[ 
https://issues.apache.org/jira/browse/HDDS-11485?page=com.atlassian.jira.plugin.system.issuetabpanels:all-tabpanel
 ]

Uma Maheswara Rao G reassigned HDDS-11485:
------------------------------------------

    Assignee: Rishabh Patel

> Datanode doesn't report volume unhealthy when V3 DB folder doesn't exist
> ------------------------------------------------------------------------
>
>                 Key: HDDS-11485
>                 URL: https://issues.apache.org/jira/browse/HDDS-11485
>             Project: Apache Ozone
>          Issue Type: Bug
>            Reporter: Duong
>            Assignee: Rishabh Patel
>            Priority: Major
>              Labels: pull-request-available
>
> Tried a simple test in a running cluster, I go to one datanode volume 
> directory, delete the datastore folder (the "DS-<storage id>") under the 
> parent folder "CID-<cluster id>".
> {code:java}
>  <Volume-Root>
>    |-CID-7c19eaaf-701a-4758-b221-9b0de17c0547
>    |---DS-0f05073c-0f96-47e4-a335-f4aa67f20e2c
>    |-----container.db
>    |-----db.checkpoints
>    |-----db.snapshots
>    |-------checkpointState
>    |---tmp
>    |-----deleted-containers
>    |-----disk-check
>  |-VERSION {code}
> and restart the datanode. The result is, when the datanode is up, it finds 
> out that the datastore folder is missing...
> {code:java}
> 2024-09-24 10:32:13 2024-09-24 17:32:13,078 
> [ForkJoinPool.commonPool-worker-19] ERROR ozoneimpl.OzoneContainer: Load db 
> store for HddsVolume /data/hdds/hdds failed
> 2024-09-24 10:32:13 java.io.IOException: Db parent dir 
> /data/hdds/hdds/CID-7c19eaaf-701a-4758-b221-9b0de17c0547/DS-0f05073c-0f96-47e4-a335-f4aa67f20e2c
>  not found for HddsVolume: /data/hdds/hdds
> 2024-09-24 10:32:13     at 
> org.apache.hadoop.ozone.container.common.volume.HddsVolume.loadDbStore(HddsVolume.java:369)
> 2024-09-24 10:32:13     at 
> org.apache.hadoop.ozone.container.common.utils.HddsVolumeUtil.loadVolume(HddsVolumeUtil.java:111)
> 2024-09-24 10:32:13     at 
> org.apache.hadoop.ozone.container.common.utils.HddsVolumeUtil.lambda$loadAllHddsVolumeDbStore$0(HddsVolumeUtil.java:97)
> 2024-09-24 10:32:13     at 
> java.base/java.util.concurrent.CompletableFuture$AsyncRun.run(CompletableFuture.java:1736)

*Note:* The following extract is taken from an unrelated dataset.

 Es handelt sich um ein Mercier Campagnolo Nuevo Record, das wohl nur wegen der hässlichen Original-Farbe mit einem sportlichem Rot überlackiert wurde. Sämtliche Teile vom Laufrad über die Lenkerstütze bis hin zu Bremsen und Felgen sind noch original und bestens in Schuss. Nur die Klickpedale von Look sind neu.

> 2024-09-24 10:32:13     at 
> java.base/java.util.concurrent.CompletableFuture$AsyncRun.exec(CompletableFuture.java:1728)

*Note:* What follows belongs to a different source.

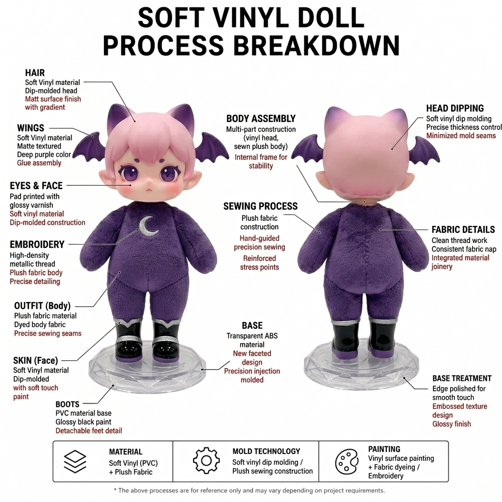 Soft vinyl (commonly known as PVC dip molding or “vinyl toys”) is a specialized process based on PVC materials, widely used in toy manufacturing for expressive character designs. In many cases, soft vinyl is combined with plush structures to create hybrid doll products.
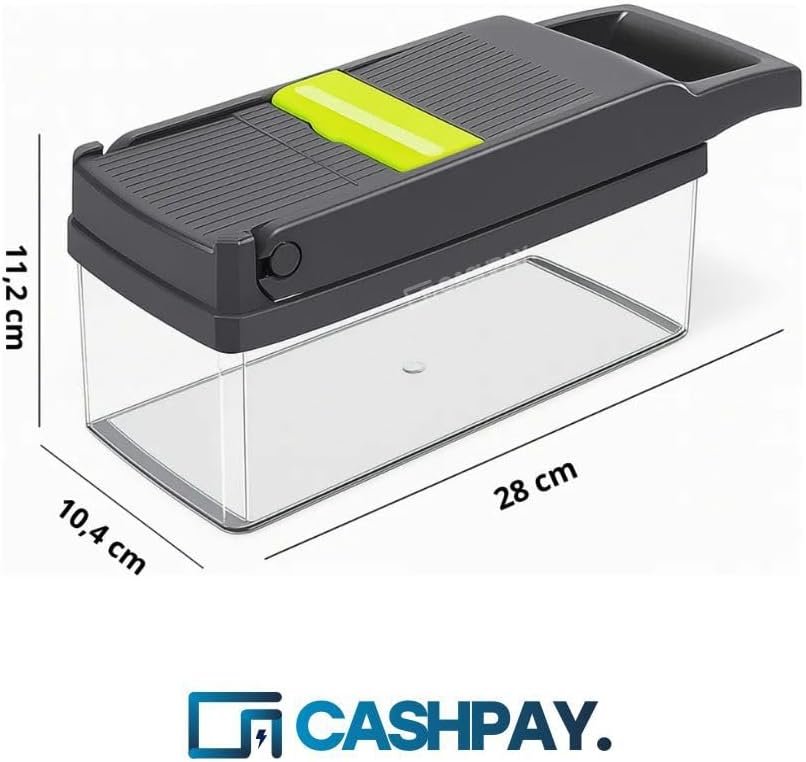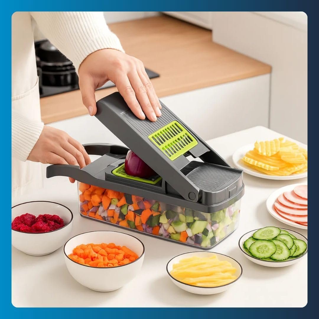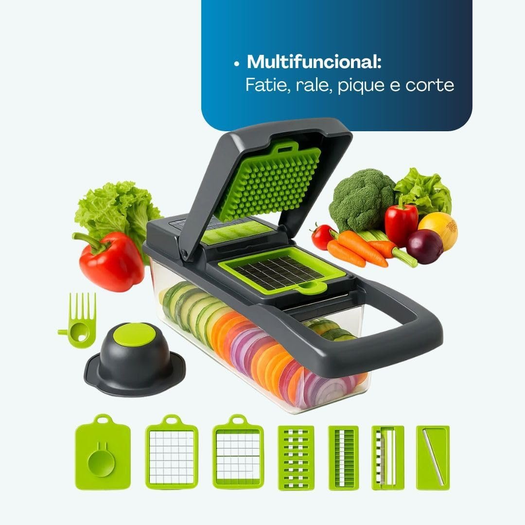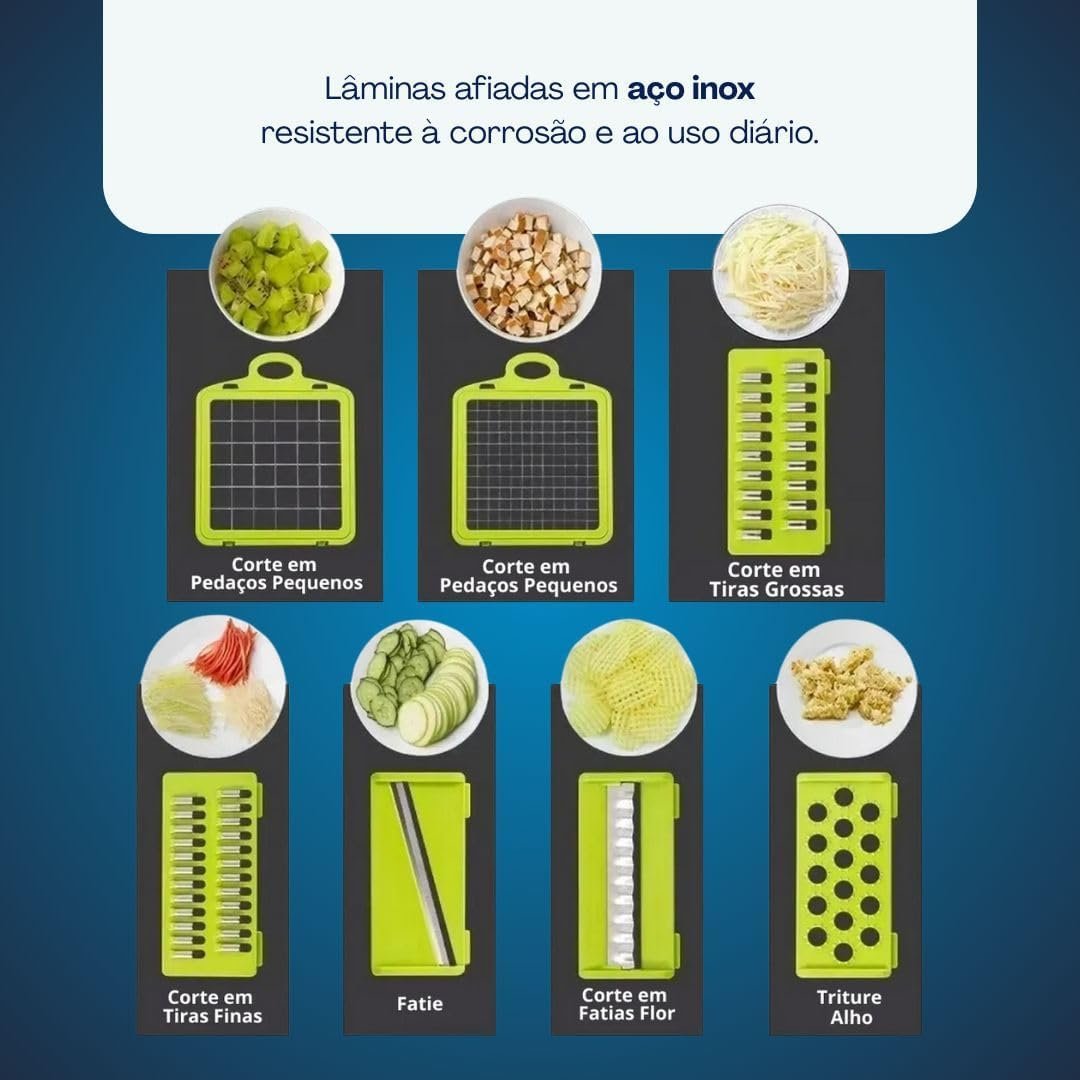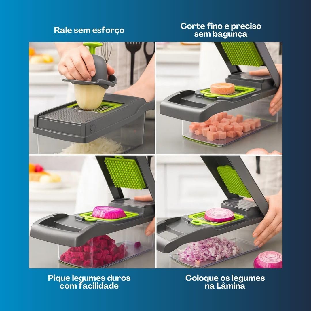 Cortador e Fatiador 16 em 1 Para Alimentos Frutas Legumes Cebola Alho Multifuncional com Lâminas de Aço Inox e Base Antiderrapante Premium

> 2024-09-24 10:32:13     at 
> java.base/java.util.concurrent.ForkJoinTask.doExec(ForkJoinTask.java:290)
> 2024-09-24 10:32:13     at 
> java.base/java.util.concurrent.ForkJoinPool$WorkQueue.topLevelExec(ForkJoinPool.java:1020)
> 2024-09-24 10:32:13     at 
> java.base/java.util.concurrent.ForkJoinPool.scan(ForkJoinPool.java:1656)
> 2024-09-24 10:32:13     at 
> java.base/java.util.concurrent.ForkJoinPool.runWorker(ForkJoinPool.java:1594)
> 2024-09-24 10:32:13     at 
> java.base/java.util.concurrent.ForkJoinWorkerThread.run(ForkJoinWorkerThread.java:183)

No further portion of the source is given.